Выбрать главу

В следующей книге автор без излишнего драматизма, несколько даже суховато подводя итоги, неожиданно задает (себе? небесам?) по-детски беспомощный вопрос: “Что мне делать с зимующей музою, с растерявшейся музой моей?” Ради ответа на этот вопрос и написана книга “Названия нет”. Она построена на столкновении удивительной, почти потусторонней трезвости взгляда (“жизнь моя — оптический обман”) и “отчаянной, обреченной музыки”. Самое удивительное, что автору хватает вкуса и мужества, констатировав, что “есть музыка на грани / отчаянья”, — грань эту не переступить: “несговорчивой силою тяжести утешаюсь на старости лет”.

 

                                                   …говори же, не мешкай — осталось так

мало времени, что терять его — грех. В неуемной почве, в немолодых пластах

(состоящих из гравия, фекалий дождевых червей и истлевшей жизни, как ни крути)

я еще не лежу, но уже, озираясь, перед сном начинаю невольно твердить — прости

сломанной ветке черешневой, ненакормленному вовремя голубю, ангельской голытьбе,

неизвестно кому, обреченному воздуху, сумасшедшей сверхновой, светлая, и тебе.

 

“Обреченный воздух” здесь — не столько суверенный воздух стихотворца, воздух времени, в котором он жил, но и воздух культуры вообще.
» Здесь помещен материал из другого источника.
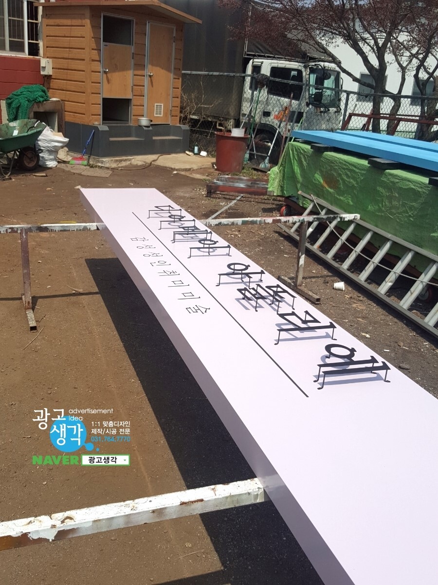 큰글자는 갈바레이져컷팅으로 까치발로 세우고 작은 글자는 시트지로 부착했습니다.

Вопросом о возможности, о небессмысленности поэтической речи Бахыт задается в стихах, в неявной форме апеллирующих к двум товарищам по “Московскому времени” (живому и ушедшему):

И то — пора и мне мужать, рассматривать серьезно

       пожитки собственные, в холщовый узелок

              увязанные в прихожей. Поздно, поздно

бузить, предчувствовать, раскаиваться. Видит Бог,

                     что всяк, кичащийся иллюзией о даре

                            небесном, о восторгах юных жен,

не прав — ему, подобно псу, скворцу и прочей твари,

                                   предел от века положён.

Но наиболее актуальным для Кенжеева на сегодняшний день, похоже, является разговор с Бродским, в котором перемешалось все: и благодарность, и неизбежная ревность, и некая подспудная тяжба. Замечательно, что тяжба эта осуществляется исключительно посредством поэтики, никогда не выходя на декларативный уровень. Так, за совершенно “бродским” зачином:

Молоток судьи, покрытый истершимся каучуком, декабрьский свет

из окна запыленного, мантия, попахивающая нафталином

или спекшимся электричеством, твердое “да” и сухое “нет”... —

следует неожиданное: “Если полынь горька, то и смерть крепка…” — и далее головокружительный пассаж, в котором смешались и “народовольческие удальцы” “в величьи своем былинном”, и “досужие суфражистки”… Все это совершенно фантастическое стихотворение вообще оказывается написанным как бы от лица отца Франца Кафки.

Нечто подобное происходит и в вызывающе перекликающихся с “Письмами династии Минь” стихах о глиняной армии императора Цинь-Ши-Хуанди:

…Шесть с лишним тысяч, терракотовых, молодых, безо всякой вины

простодушно закопанных в могильную землю у подножья Великой Стены.

Но непосредственно за этим следует свое, суверенное и своевольное:

Так называлась свиная тушенка без имбиря, но с чесноком и лавровым листом,

что в период великой любви меж Цинь-Ши-Хуанди и белым царем

пересекала Амур в контейнерах, на пыхтящих паромах. Чем мы с тобой

за нее расплачивались — ураном ли? юностью? уссурийской морской травой?

Вероятней всего, ничем. Жестяные банки, ящики, покрывающий их тавот —

для тиранов — пустяк…

Разговор с Бродским находит свое разрешение в замыкающем книгу цикле венецианских стихов. Стихи эти продиктованы любовью и признательностью: “И я хотел бы жить в твоем раю — в полуподводном облачном краю”. Венеция здесь, оборачиваясь той самой “провинцией у моря” из хрестоматийного стихотворения, одновременно вызывает в памяти маленький порт “в глубине Адриатики дикой” — из переведенного Бродским же стихотворения Умберто Саба.